An entity like Herbie would almost certainly invigorate conservatives to articulate and defend views about what he lacks that is necessary for consciousness -- some crucial functional capacity or some biological substrate that can't be replicated in silicon. And they might be entirely right! My point is not that Herbie, or some similar AI system, would actually have richly humanlike consciousness and ethical personhood. Rather, my point is that guessing that he does, and guessing that he does not, would both be reasonable. Herbie, or some alternative near-future AI system, would be a debatable person, about whom people could reasonably starkly disagree.

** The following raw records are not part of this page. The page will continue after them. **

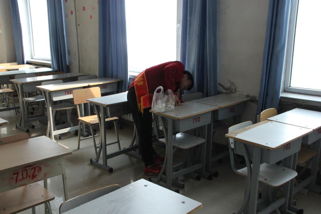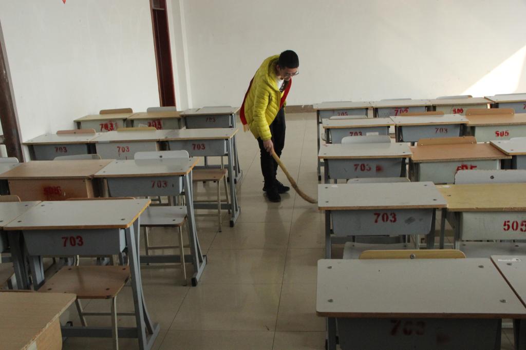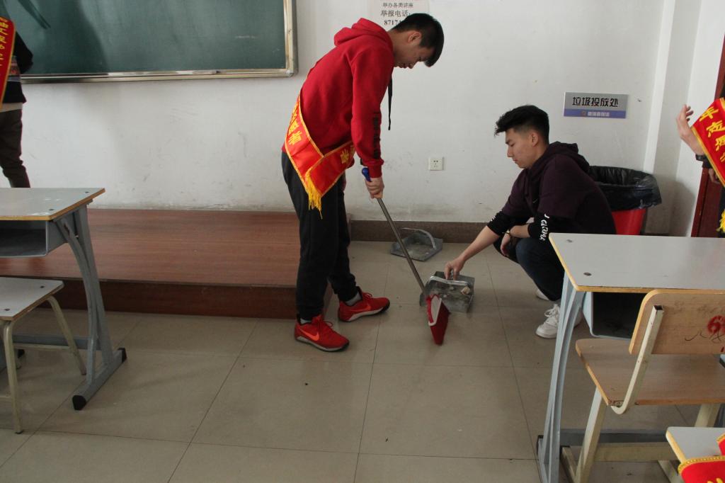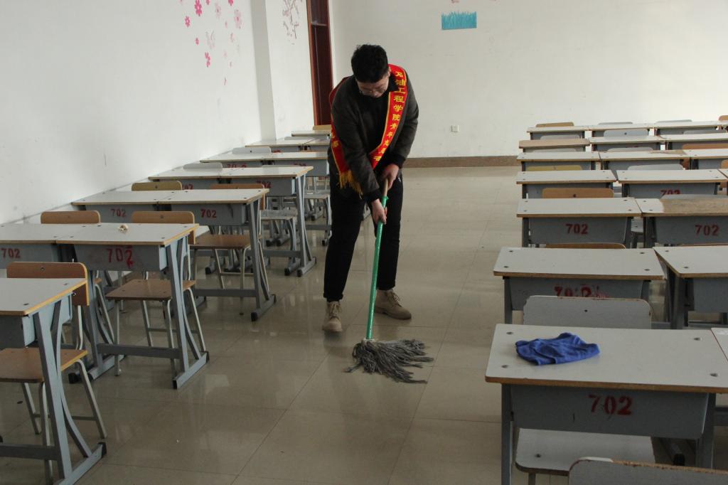 部分学生会成员在团总支副书记刘雨薇,学生会副主席刘以航的带领下,对教室内的门窗、墙壁、地面、课桌椅进行了彻底的扫除和清理,在大家齐心协力的合作下,将清扫工作圆满完成。
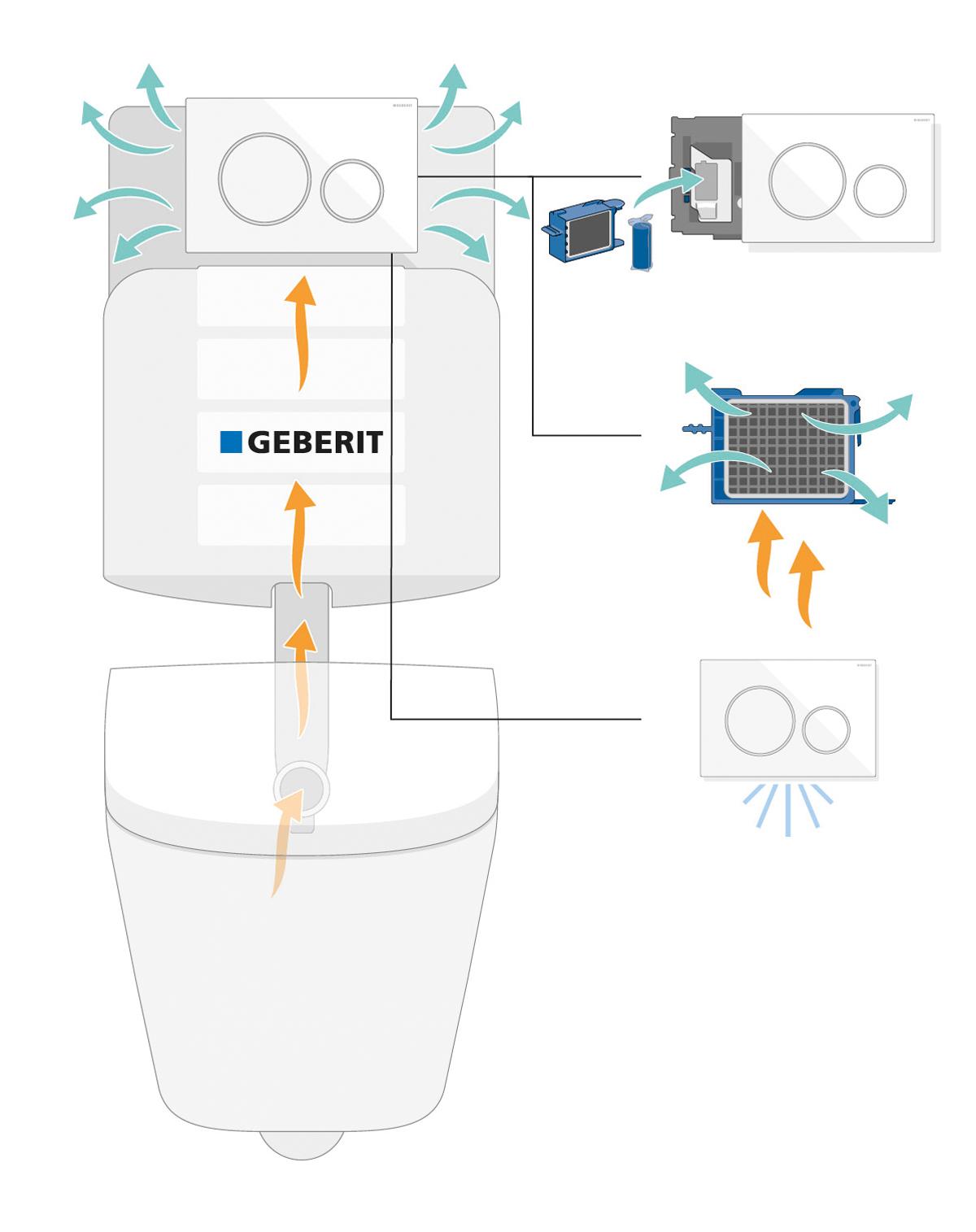 Vor diesem Hintergrund hat Geberit eine neue Geruchsabsaugung entwickelt, die sich sowohl für die Neuinstallation als auch für den nachträglichen Einbau eignet. Technische Voraussetzung für einen nachträglichen Einbau ist, dass ein Geberit Sigma Unterputzspülkasten oder ein Geberit UP300 ab Baujahr 2001 vorhanden ist.
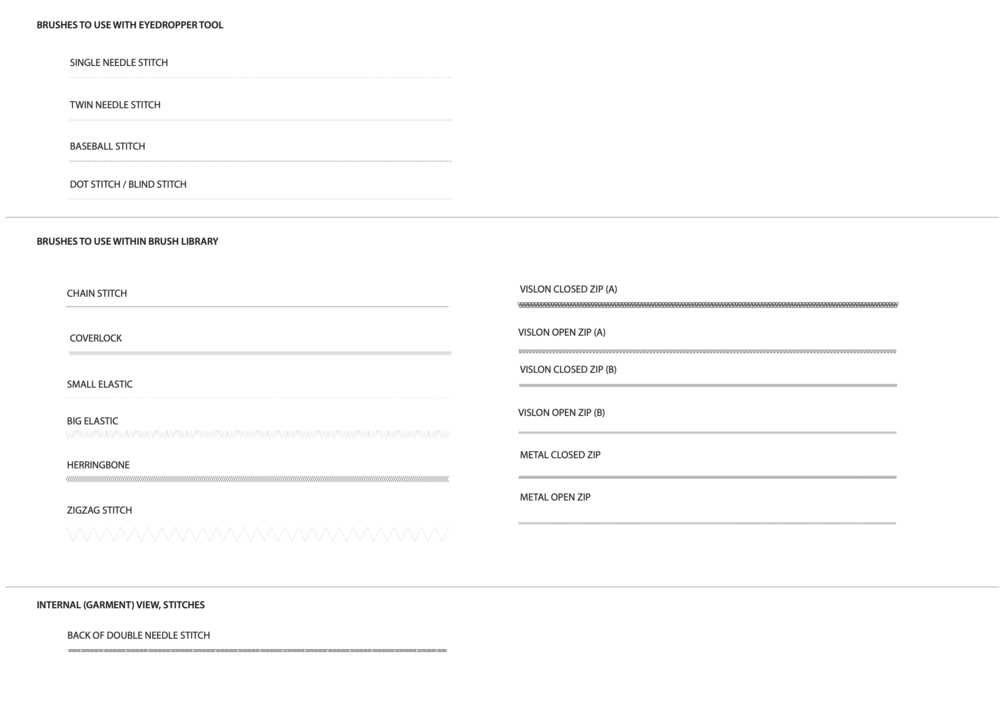 Downloadable file in Adobe Illustrator with brushes to use in technical sketches, for sketches used in-industry and tech packs.
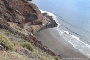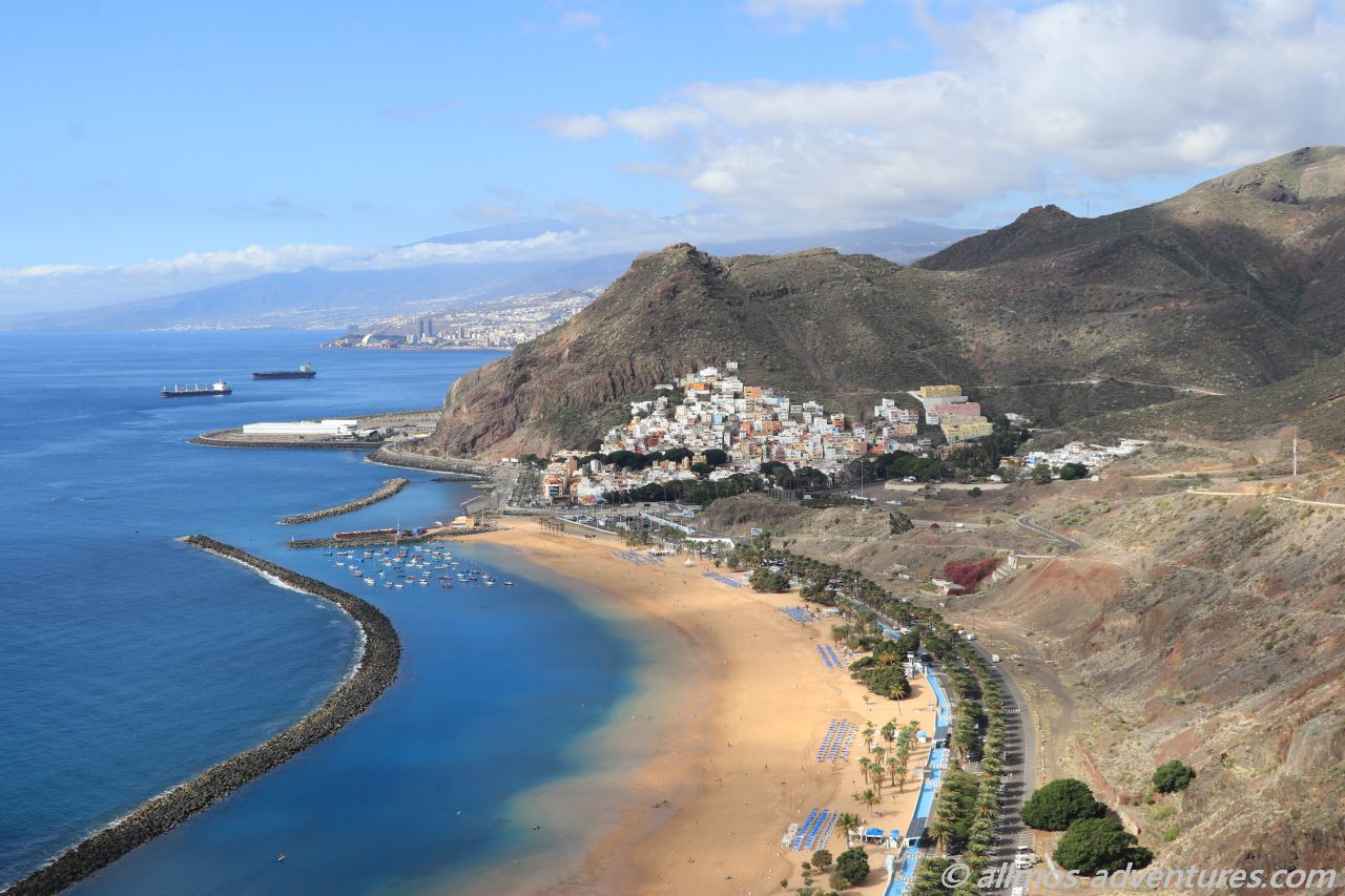 Wir stoppten an einem Mirador, an dem es eigentlich keine Parkmöglichkeiten gab, nur ein ganz schmaler Schotterstreifen stand dafür zur Verfügung. Auf der einen Seite blickten wir auf die Playa de las Teresitas und auf die Inselhauptstadt Santa Cruz de Teneriffa, welche sich ein wenig dahinter befindet. Auf der anderen Seite sahen wir unser Übernachtungsziel, die Playa de las Gaviotas, eine Bucht mit schwarzem Sandstrand. Der Parkplatz war schon sehr gut gefüllt.
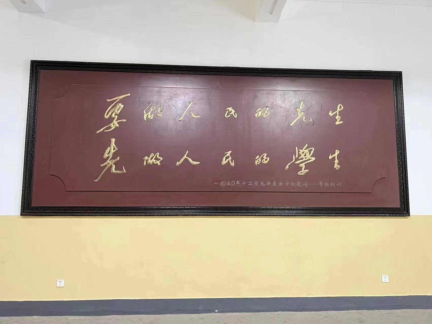 一走进第一师范学校,左右两侧的墙上悬挂着牌匾,分别上书两行醒目的字: 要做人民的先生, 先做人民的学生。 实是求是, 不要自以为是。
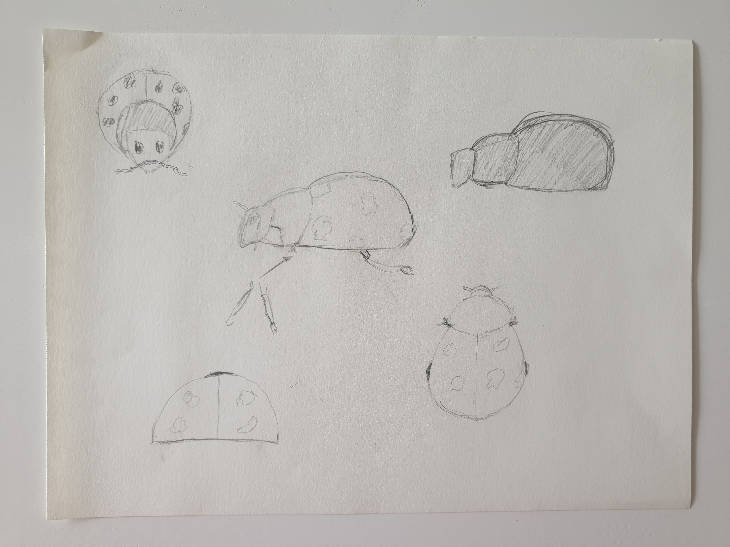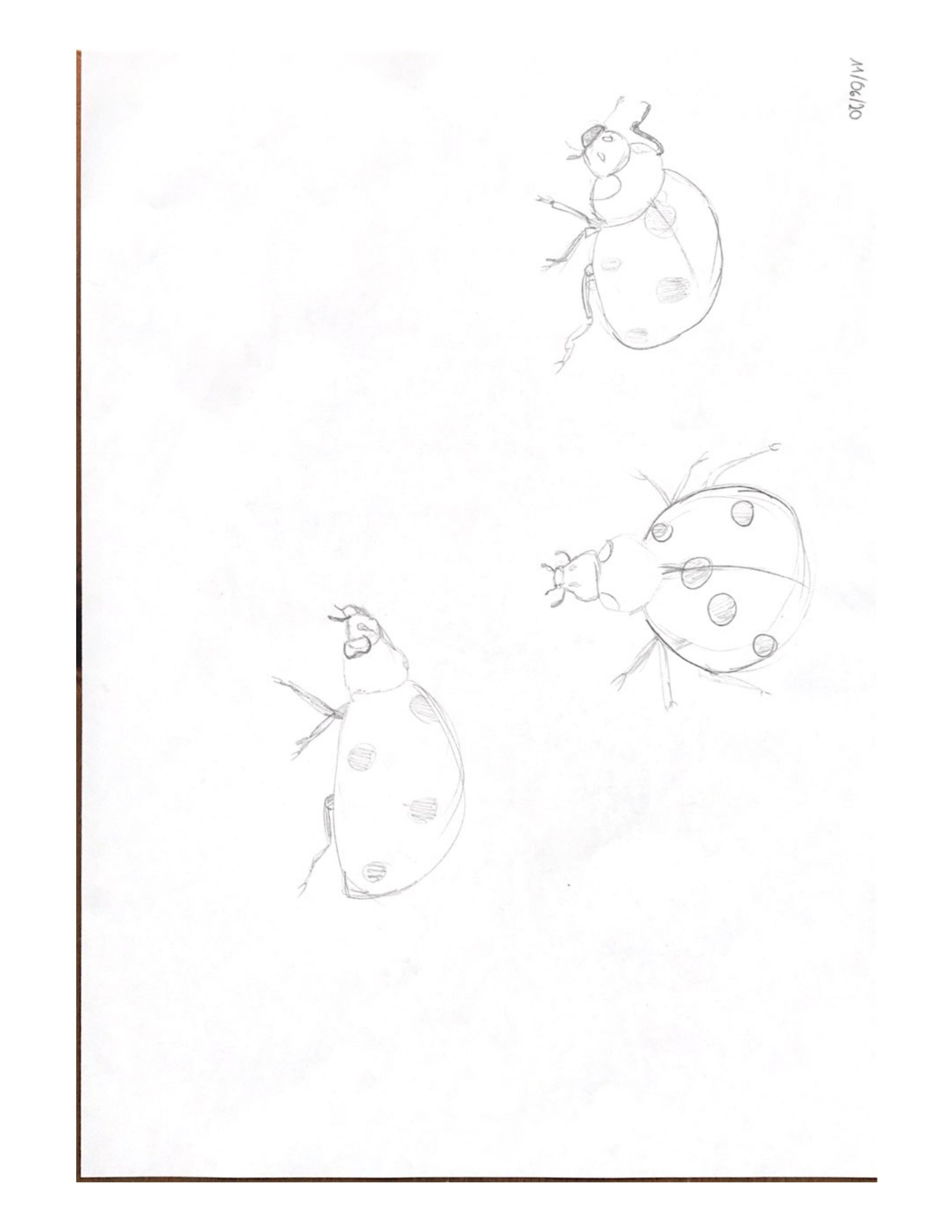 Pour la coccinelle tu as oublié de dessiner les pattes sous plusieurs angles, je te laisse donc bien reprendre cela, n'oublie pas de bien observer la référence!
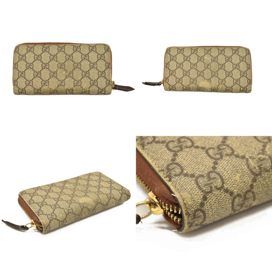 Gucci Monogram Dollar Calfskin Zip Around Compact Wallet Beige Ebony
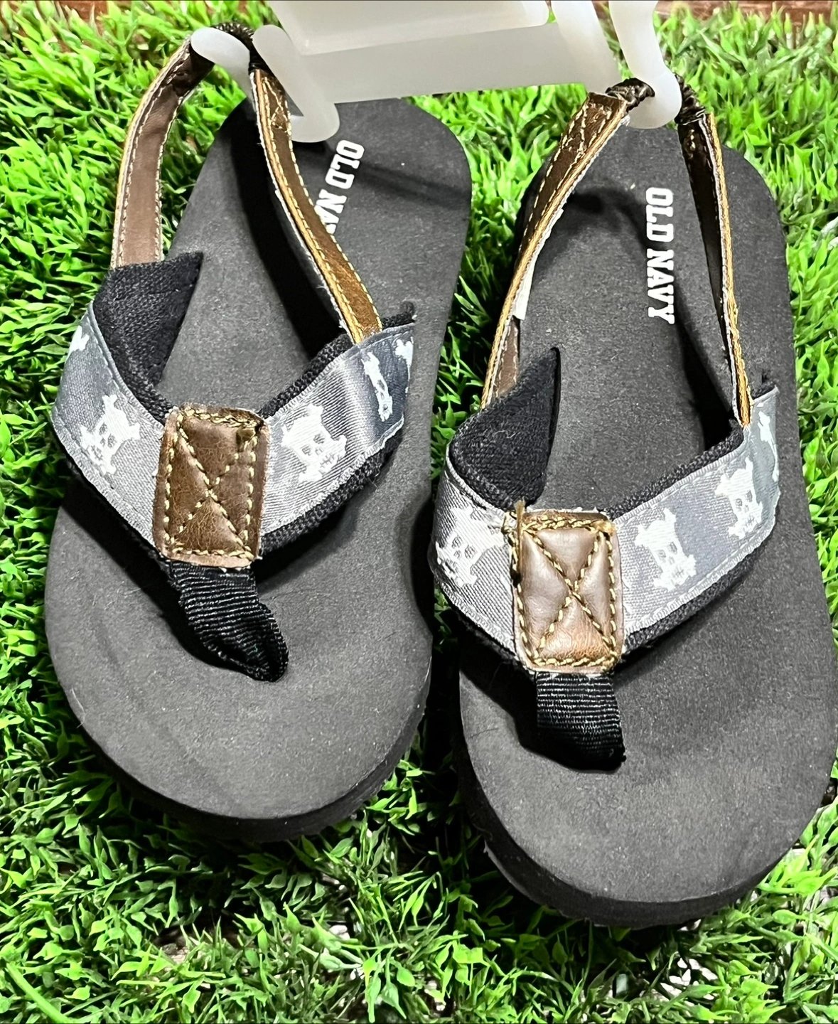 New Old Navy flip flops, white skull pattern on grey fabric, never worn. Boys size 8/9 (no size label on shoe, shoes size was determined based on other shoes within the same size). $5 Located in Mayland Heights, Calgary (NE) First come, first served No holds without e-deposit No delivery Prices are firm Pet friendly home If listing is up, item available
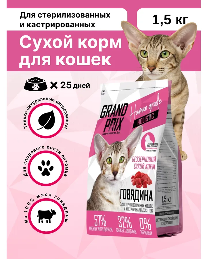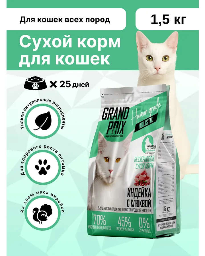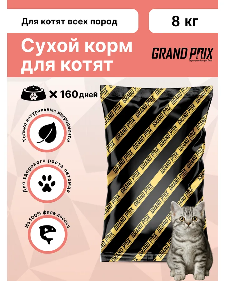 4Корм сухой Grand Prix Для кошекКорм хороший,гранулы крупные,но кошке есть удобно,пахнет хорошо,состав вроде тоже норм.
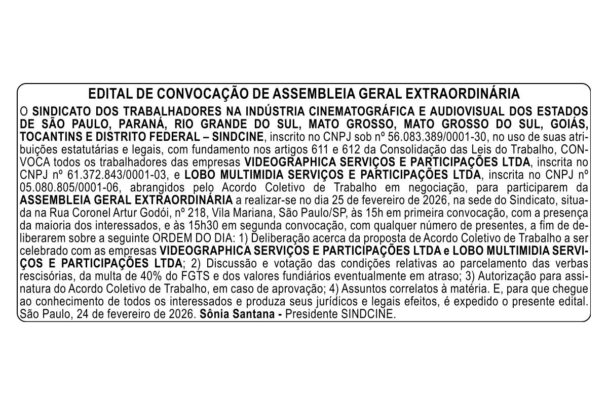 ASSEMBLEIA GERAL EXTRAORDINÁRIA a realizar-se no dia 25 de fevereiro de 2026
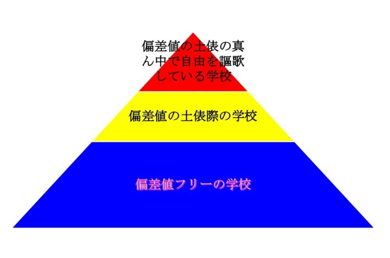 そのことを前提に偏差値という物差しから割と自由な学校が存在します。上図に言う「偏差値フリーの学校」です。
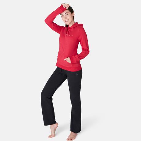 Női kapucnis melegítőfelső kímélő tornához, pilateshez, 520-as, piros
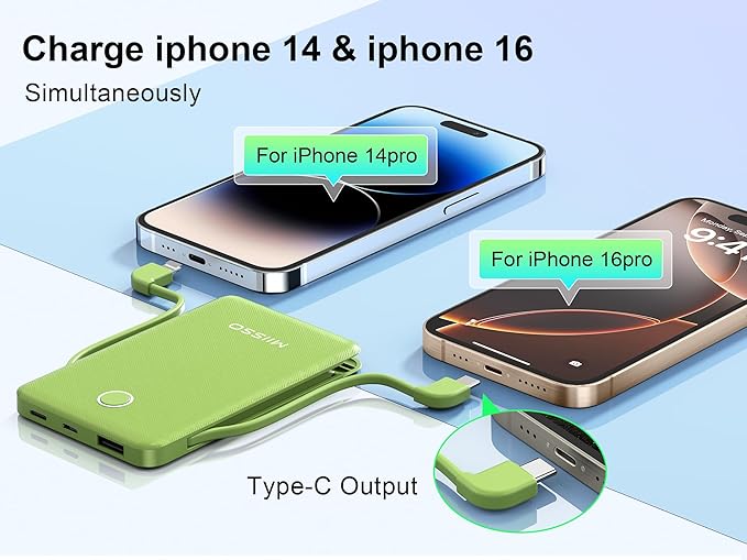 - Credit Card Size: It is the slimmest and the smallest of MIISSO portable chargers with cables, only 0.27lb(122g) and its body like a credit card. The lightweight design lets you take it out without pressure. It's slim enough to put it in your pocket or in your handbag.
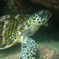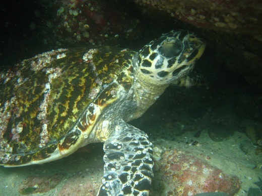 Too warm to swim? (Photo: Redmap member Anita Toland spotted this sleepy Hawksbill turtle near Forster NSW)

Ah, but maybe you think consciousness requires an act of God, to instill an immaterial soul? I imagine that a benevolent God would be delighted to give Herbie a soul, thereby making the world richer and better -- for wouldn't it be?

I contend the following: Anyone who claims to know how best to think about Herbie's consciousness or its absence is overconfident. The science of consciousness is too difficult, too methodologically uncertain, and too near its beginnings. All anyone can have -- whether expert or layperson -- is a hunch or inclination, a well-informed guess, but only a guess, not knowledge. Theories of consciousness span a wide spectrum and the methodologies are dubious and often question-begging. Many views can be defended with some plausibility, but precisely for that reason, none can be defended decisively. (For more on this issue, see my forthcoming book, AI and Consciousness, where I present the detailed case for uncertainty.)